これは、動物界における群のリーダーにも共通しているものです。

むしろ、言葉に惑わされる人間などよりもずっと、動物はリーダーのカリスマ性を直感的に感じ取っています。

では、動物の群におけるリーダーのカリスマ性ってどんなものでしょう?


群を統率するリーダーが、ちょっとした物事に動じて冷静さを欠いた判断をしたら・・・

それは自然界で生きている動物にとって、即命のリスクとなります。


リーダーがオドオドした態度をしていたら・・・

下にいるメンバーたちにはたちまち不安が伝播し、群はパニックに陥ってしまいます。


自然界は大変厳しいものですから、このような情緒不安定なリーダーに、メンバーたちがついていくような甘っちょろいことはあり得ません。

ひとたび「資質のないリーダー」という烙印を押されたリーダーは、たちまち群のメンバーから袋叩きに遭い、群を追われるか八つ裂きにされてディナーにされてしまうんですよ~(;'∀')

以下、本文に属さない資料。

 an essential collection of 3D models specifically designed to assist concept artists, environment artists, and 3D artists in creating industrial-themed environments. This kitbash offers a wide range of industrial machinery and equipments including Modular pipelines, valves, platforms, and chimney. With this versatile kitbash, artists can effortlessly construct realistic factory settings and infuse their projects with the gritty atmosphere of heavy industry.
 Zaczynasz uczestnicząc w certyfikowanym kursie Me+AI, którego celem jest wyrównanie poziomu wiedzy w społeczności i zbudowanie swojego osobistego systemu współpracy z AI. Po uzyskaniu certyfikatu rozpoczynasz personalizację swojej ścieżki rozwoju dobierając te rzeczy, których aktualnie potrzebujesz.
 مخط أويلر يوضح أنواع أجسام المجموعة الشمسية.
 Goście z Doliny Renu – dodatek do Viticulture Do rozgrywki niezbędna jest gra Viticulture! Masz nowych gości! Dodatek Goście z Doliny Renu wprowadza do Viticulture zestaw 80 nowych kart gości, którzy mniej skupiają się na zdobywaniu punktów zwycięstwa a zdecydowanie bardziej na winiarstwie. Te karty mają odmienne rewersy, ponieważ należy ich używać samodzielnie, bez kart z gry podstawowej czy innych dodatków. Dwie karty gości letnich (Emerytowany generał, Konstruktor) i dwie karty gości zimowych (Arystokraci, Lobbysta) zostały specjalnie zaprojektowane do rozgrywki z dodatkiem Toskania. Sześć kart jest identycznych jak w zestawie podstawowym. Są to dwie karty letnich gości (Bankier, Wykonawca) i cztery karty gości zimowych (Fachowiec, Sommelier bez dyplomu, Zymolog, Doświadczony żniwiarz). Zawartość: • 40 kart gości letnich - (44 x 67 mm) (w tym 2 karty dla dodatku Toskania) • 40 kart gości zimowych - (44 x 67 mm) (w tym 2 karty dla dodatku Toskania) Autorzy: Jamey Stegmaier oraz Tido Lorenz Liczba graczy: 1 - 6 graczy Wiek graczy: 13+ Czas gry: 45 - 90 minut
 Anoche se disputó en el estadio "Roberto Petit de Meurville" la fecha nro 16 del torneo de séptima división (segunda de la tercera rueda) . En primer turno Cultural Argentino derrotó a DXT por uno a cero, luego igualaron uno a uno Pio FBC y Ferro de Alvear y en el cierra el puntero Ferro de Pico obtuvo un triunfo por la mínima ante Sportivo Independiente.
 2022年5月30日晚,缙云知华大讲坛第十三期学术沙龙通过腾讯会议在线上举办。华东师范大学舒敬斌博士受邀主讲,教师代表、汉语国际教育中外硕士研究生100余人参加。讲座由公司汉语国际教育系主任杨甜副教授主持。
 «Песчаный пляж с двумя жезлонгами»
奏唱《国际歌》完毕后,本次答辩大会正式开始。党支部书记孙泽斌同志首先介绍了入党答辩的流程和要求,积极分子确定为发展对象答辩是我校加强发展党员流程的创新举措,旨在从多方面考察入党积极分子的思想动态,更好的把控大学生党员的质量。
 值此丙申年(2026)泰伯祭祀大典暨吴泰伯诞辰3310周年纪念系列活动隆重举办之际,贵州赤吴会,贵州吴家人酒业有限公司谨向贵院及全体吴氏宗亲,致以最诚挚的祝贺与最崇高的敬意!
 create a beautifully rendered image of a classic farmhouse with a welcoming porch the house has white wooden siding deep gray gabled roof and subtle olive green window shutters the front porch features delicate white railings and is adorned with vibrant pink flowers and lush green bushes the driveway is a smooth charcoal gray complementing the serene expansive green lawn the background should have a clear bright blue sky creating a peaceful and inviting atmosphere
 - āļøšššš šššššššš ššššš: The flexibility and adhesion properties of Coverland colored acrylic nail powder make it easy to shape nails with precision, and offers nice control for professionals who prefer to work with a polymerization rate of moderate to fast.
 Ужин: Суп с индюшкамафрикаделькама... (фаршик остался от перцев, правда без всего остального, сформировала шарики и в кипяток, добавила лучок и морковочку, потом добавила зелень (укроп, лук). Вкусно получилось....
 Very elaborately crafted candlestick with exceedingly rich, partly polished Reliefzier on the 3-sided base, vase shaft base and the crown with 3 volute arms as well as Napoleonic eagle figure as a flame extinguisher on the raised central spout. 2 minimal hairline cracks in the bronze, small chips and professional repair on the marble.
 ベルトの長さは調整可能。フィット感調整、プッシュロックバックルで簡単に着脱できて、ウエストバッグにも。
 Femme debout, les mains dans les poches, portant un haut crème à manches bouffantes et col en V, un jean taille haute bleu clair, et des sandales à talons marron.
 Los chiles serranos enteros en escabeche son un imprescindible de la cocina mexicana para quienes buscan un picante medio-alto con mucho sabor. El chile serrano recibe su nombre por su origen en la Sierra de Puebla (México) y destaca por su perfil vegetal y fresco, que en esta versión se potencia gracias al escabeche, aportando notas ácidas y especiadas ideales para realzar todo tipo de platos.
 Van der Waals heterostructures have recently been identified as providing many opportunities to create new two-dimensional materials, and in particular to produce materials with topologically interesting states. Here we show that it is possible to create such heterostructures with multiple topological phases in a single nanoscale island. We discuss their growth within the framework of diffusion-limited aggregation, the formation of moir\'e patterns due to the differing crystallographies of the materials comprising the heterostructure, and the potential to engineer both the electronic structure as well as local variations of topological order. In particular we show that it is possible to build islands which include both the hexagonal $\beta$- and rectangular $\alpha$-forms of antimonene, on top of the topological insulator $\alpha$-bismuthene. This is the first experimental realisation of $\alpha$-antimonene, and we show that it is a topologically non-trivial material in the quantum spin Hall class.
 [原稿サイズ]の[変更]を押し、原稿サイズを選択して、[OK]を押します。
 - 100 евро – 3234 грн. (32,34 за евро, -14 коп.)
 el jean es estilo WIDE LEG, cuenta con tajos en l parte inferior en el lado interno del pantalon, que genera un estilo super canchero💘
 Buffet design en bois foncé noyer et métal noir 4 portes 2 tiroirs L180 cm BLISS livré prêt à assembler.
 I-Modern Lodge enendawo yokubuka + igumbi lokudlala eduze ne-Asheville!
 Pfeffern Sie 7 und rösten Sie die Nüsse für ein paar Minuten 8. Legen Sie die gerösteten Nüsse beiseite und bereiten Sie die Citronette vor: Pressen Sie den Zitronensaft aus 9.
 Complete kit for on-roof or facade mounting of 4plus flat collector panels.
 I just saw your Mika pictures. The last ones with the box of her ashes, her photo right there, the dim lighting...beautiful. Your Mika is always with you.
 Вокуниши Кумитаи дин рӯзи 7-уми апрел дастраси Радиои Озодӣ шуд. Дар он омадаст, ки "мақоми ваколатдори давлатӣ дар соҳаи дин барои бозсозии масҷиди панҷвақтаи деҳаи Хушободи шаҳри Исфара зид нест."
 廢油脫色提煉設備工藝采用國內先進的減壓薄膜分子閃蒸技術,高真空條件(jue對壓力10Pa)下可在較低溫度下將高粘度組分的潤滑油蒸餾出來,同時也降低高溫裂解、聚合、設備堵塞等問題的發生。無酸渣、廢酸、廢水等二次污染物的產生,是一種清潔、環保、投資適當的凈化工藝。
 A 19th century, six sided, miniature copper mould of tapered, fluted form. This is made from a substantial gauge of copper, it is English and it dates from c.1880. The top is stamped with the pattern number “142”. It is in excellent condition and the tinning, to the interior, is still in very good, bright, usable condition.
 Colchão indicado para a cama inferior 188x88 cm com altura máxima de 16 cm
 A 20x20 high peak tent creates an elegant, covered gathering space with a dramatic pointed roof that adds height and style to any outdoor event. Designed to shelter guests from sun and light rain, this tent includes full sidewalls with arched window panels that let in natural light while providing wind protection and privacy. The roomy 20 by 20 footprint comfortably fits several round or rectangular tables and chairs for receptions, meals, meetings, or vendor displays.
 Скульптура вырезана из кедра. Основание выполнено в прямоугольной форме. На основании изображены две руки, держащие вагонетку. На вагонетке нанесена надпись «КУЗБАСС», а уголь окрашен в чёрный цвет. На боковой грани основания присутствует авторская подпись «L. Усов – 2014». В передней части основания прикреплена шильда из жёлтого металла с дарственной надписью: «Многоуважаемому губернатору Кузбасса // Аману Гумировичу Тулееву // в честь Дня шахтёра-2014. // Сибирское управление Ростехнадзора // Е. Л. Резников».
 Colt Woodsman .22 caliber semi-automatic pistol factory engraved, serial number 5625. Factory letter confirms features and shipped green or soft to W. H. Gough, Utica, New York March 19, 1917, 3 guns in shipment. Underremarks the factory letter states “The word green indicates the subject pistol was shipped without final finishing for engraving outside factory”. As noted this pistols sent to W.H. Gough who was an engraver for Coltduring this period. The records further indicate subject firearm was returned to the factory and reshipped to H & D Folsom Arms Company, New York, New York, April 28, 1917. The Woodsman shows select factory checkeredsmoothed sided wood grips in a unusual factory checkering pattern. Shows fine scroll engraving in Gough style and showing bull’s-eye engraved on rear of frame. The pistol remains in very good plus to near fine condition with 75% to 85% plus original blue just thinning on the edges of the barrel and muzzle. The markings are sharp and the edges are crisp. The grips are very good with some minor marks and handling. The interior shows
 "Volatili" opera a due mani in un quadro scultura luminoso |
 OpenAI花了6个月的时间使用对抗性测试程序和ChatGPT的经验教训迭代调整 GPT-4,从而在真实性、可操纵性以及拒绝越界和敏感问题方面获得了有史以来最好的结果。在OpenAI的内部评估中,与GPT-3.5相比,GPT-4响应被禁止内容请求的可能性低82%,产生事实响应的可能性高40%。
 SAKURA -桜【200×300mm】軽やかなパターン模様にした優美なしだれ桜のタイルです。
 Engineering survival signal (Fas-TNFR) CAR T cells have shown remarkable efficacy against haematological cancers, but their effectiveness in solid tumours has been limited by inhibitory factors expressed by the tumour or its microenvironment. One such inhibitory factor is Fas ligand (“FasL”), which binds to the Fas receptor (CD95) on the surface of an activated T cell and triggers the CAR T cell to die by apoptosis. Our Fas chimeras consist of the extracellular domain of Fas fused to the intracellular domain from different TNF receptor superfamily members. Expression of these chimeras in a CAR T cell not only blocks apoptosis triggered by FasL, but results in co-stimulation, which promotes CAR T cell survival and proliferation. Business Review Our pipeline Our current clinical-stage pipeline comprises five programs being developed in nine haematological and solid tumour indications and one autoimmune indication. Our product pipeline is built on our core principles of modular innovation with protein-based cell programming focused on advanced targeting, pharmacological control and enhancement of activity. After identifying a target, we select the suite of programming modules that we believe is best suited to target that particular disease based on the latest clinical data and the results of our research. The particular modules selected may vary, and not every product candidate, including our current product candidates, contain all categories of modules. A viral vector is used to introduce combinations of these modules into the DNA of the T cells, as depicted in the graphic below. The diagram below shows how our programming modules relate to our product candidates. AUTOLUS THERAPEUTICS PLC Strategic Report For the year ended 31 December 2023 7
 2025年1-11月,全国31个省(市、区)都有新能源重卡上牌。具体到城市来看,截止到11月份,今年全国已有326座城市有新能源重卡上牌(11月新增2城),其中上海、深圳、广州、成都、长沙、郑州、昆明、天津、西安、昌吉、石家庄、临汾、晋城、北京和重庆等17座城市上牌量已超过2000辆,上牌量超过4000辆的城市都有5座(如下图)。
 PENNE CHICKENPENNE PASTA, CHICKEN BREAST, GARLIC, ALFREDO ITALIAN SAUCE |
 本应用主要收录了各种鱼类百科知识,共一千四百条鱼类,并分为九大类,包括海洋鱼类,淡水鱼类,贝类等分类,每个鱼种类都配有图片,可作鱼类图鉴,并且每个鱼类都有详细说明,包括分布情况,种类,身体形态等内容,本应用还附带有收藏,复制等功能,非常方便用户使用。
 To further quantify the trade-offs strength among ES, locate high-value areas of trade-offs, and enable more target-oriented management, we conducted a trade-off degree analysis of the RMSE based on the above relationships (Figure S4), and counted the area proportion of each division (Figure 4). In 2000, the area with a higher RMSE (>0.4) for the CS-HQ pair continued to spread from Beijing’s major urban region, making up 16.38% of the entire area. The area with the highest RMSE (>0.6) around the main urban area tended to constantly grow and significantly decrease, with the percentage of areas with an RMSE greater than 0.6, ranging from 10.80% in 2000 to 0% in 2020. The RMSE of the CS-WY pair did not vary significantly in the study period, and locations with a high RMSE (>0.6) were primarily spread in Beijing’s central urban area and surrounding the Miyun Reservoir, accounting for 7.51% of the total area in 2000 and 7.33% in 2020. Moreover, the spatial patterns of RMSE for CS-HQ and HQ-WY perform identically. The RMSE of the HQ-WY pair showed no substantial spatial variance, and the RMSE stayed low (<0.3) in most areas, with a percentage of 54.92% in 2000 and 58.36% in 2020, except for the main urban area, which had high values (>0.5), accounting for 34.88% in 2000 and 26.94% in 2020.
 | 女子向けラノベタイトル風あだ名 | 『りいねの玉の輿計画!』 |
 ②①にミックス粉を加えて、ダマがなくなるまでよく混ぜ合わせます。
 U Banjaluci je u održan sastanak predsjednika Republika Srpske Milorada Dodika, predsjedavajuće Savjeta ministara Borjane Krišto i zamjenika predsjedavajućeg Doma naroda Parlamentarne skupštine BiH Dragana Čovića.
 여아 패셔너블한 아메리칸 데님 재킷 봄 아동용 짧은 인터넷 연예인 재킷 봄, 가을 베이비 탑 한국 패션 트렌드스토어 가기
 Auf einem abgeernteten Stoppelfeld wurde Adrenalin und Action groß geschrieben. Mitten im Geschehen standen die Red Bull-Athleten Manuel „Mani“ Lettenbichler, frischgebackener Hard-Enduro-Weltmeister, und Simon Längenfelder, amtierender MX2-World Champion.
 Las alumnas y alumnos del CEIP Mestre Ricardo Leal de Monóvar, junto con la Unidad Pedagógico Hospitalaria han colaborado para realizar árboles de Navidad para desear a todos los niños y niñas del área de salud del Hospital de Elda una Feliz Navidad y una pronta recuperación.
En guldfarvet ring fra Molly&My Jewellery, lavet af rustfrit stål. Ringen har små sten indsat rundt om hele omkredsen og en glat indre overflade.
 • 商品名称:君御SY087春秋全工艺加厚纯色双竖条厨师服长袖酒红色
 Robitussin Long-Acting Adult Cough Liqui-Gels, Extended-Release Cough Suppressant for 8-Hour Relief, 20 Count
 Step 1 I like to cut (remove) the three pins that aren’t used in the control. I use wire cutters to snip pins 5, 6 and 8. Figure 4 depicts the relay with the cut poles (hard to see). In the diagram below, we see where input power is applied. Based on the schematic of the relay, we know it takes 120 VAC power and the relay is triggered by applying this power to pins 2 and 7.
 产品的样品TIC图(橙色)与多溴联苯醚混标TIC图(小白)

つまり、動物の群において、カリスマ性のあるリーダーというのは、群のメンバーが


「自分たちの命を預けるに足る資質」


認めざるを得ない者でなくてはならないんですね。



わたしたち飼い主がワンちゃんからそんなカリスマ性のあるリーダーだと思ってもらうためには「精神の安定」が不可欠だってことなんです。



●精神が安定していないリーダーは


ワンちゃんとの日常の場面で、飼い主さんが精神の安定を欠いてワンちゃんからリーダーの資質を疑われそうな事例を考えてみましょう。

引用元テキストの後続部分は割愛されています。